If a prime chain is pre-generated with highly abundant origins (abundant meaning large number of factors), in theory you could try to search for a block header hash that divides the abundant origin. This would defeat the non-reusability property of the proof-of-work. With current limit on prime size at 2000 bit this is still computationally not feasible, but I estimate that instead of 256 bit hard of the secure hash, it might be reduced to about 128 bit hard for such brute-force attacks.
Even though this is not considered a feasible attack vector right now, there is a simple adjustment of the protocol that eliminates this doubt completely.
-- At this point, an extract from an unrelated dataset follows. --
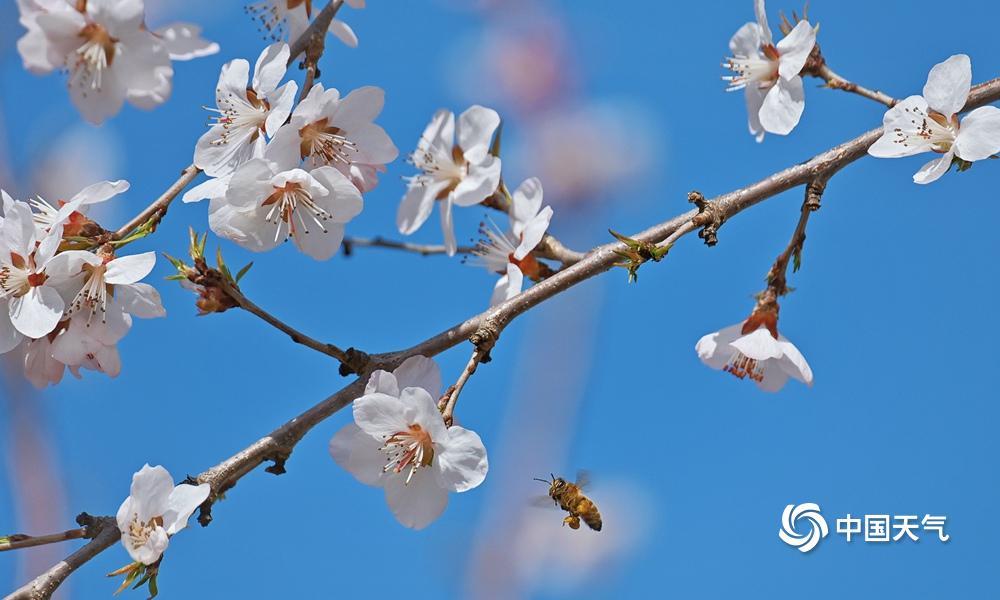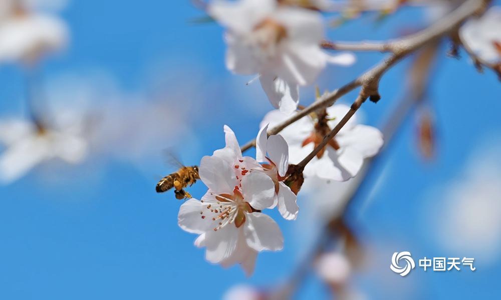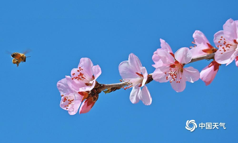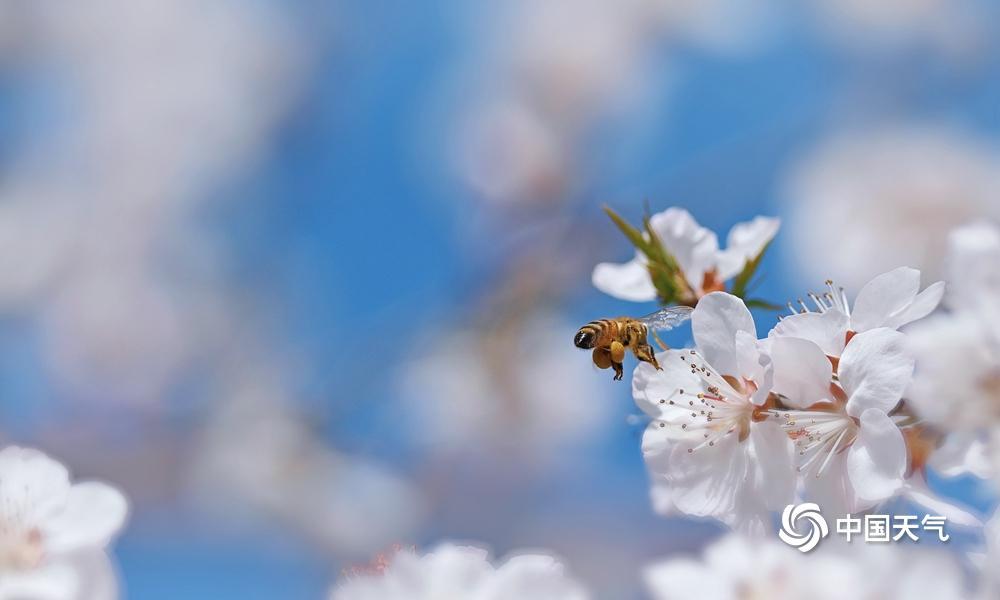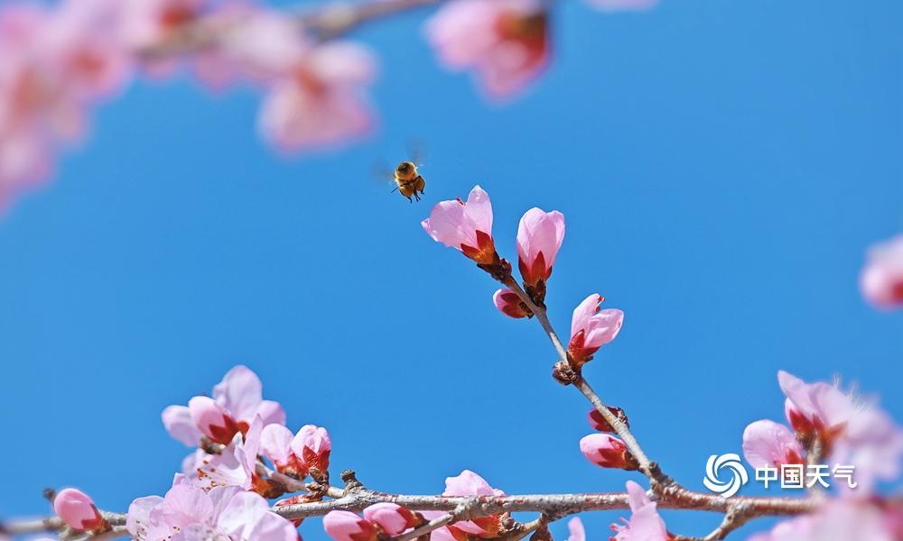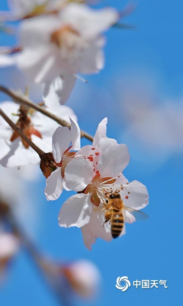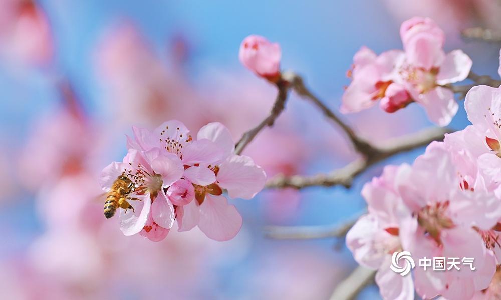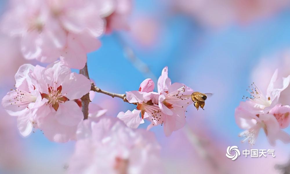 蓝粉配色是春天的配色!近日,北京阳光在线,春色渐浓,樱花绽放,粉嫩的花朵吸引小蜜蜂前来采蜜。

By requiring block header hash to meet Fermat test (thus basically prime), this attack vector is eliminated.
I will be testing a modified reference miner in the next couple weeks for this change. If there is no strong objection to this protocol adjustment, it will be implemented in a v0.2 release within a couple of months time. Before the protocol is implemented, there should be plenty of time for the miners on the market to adjust to this new protocol rule.
Note: this is a hard-fork change and would be implemented as mandatory upgrade with scheduled protocol switch. There is no impact to minting/transaction/wallet related functionality.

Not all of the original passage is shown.